=== YOUR ASSIGNMENT ===
Transcribe the listing exactly; drop the images.

=== THE DATA ===
####################

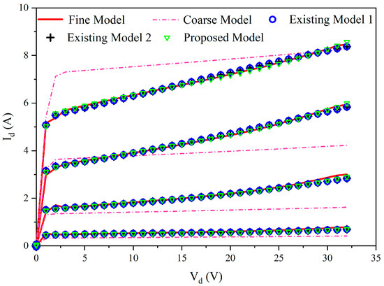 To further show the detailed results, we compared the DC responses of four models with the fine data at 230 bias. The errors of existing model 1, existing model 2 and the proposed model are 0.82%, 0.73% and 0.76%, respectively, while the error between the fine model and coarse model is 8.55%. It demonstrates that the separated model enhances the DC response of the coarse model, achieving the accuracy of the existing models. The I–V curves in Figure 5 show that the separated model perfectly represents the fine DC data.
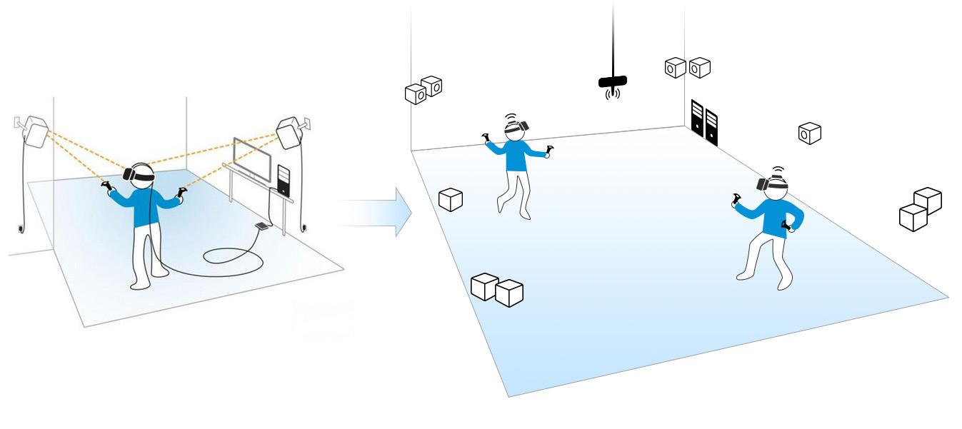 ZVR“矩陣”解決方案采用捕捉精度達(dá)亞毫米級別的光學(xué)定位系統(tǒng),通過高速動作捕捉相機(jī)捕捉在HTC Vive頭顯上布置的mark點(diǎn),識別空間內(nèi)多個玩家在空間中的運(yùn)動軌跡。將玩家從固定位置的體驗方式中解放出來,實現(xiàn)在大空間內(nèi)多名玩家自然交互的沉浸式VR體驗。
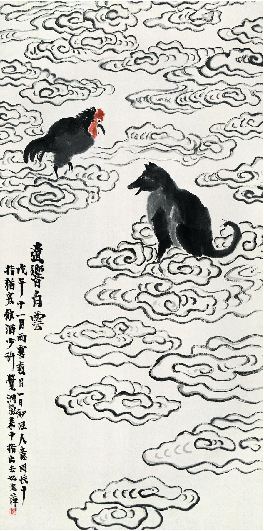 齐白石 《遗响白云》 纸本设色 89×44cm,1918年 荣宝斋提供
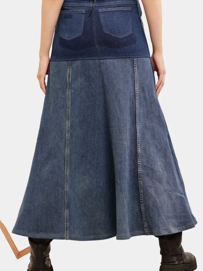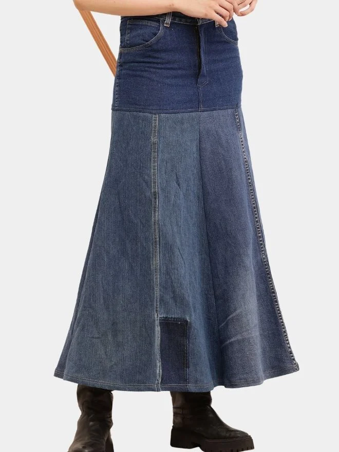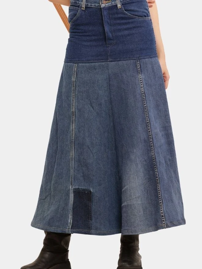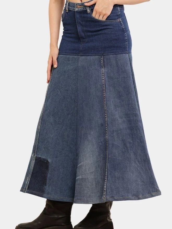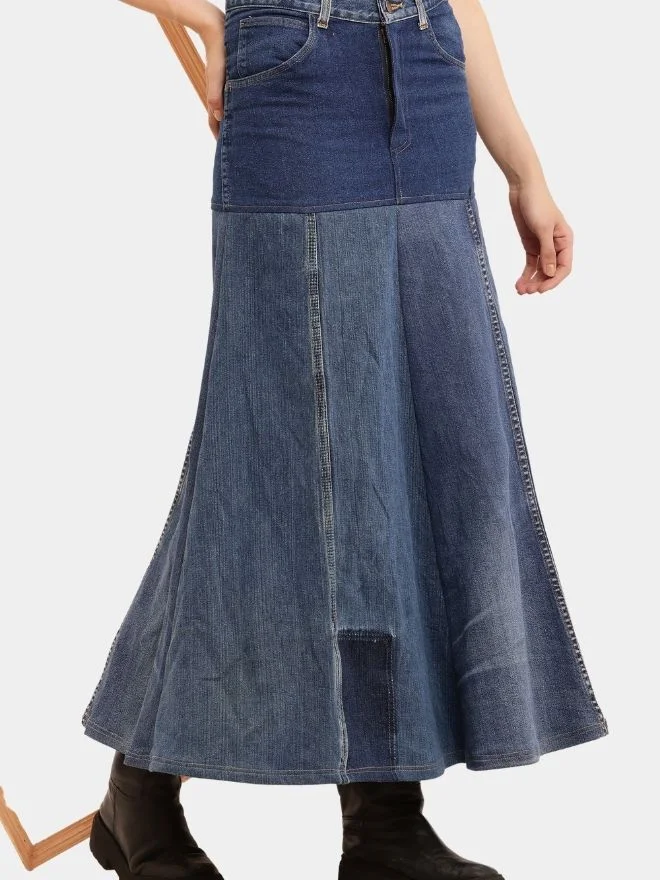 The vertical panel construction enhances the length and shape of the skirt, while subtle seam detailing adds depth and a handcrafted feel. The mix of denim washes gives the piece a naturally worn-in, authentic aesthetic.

####################

=== RESPONSE TO THIS TASK ===
 To further show the detailed results, we compared the DC responses of four models with the fine data at 230 bias. The errors of existing model 1, existing model 2 and the proposed model are 0.82%, 0.73% and 0.76%, respectively, while the error between the fine model and coarse model is 8.55%. It demonstrates that the separated model enhances the DC response of the coarse model, achieving the accuracy of the existing models. The I–V curves in Figure 5 show that the separated model perfectly represents the fine DC data.
 ZVR“矩陣”解決方案采用捕捉精度達(dá)亞毫米級別的光學(xué)定位系統(tǒng),通過高速動作捕捉相機(jī)捕捉在HTC Vive頭顯上布置的mark點(diǎn),識別空間內(nèi)多個玩家在空間中的運(yùn)動軌跡。將玩家從固定位置的體驗方式中解放出來,實現(xiàn)在大空間內(nèi)多名玩家自然交互的沉浸式VR體驗。
 齐白石 《遗响白云》 纸本设色 89×44cm,1918年 荣宝斋提供
 The vertical panel construction enhances the length and shape of the skirt, while subtle seam detailing adds depth and a handcrafted feel. The mix of denim washes gives the piece a naturally worn-in, authentic aesthetic.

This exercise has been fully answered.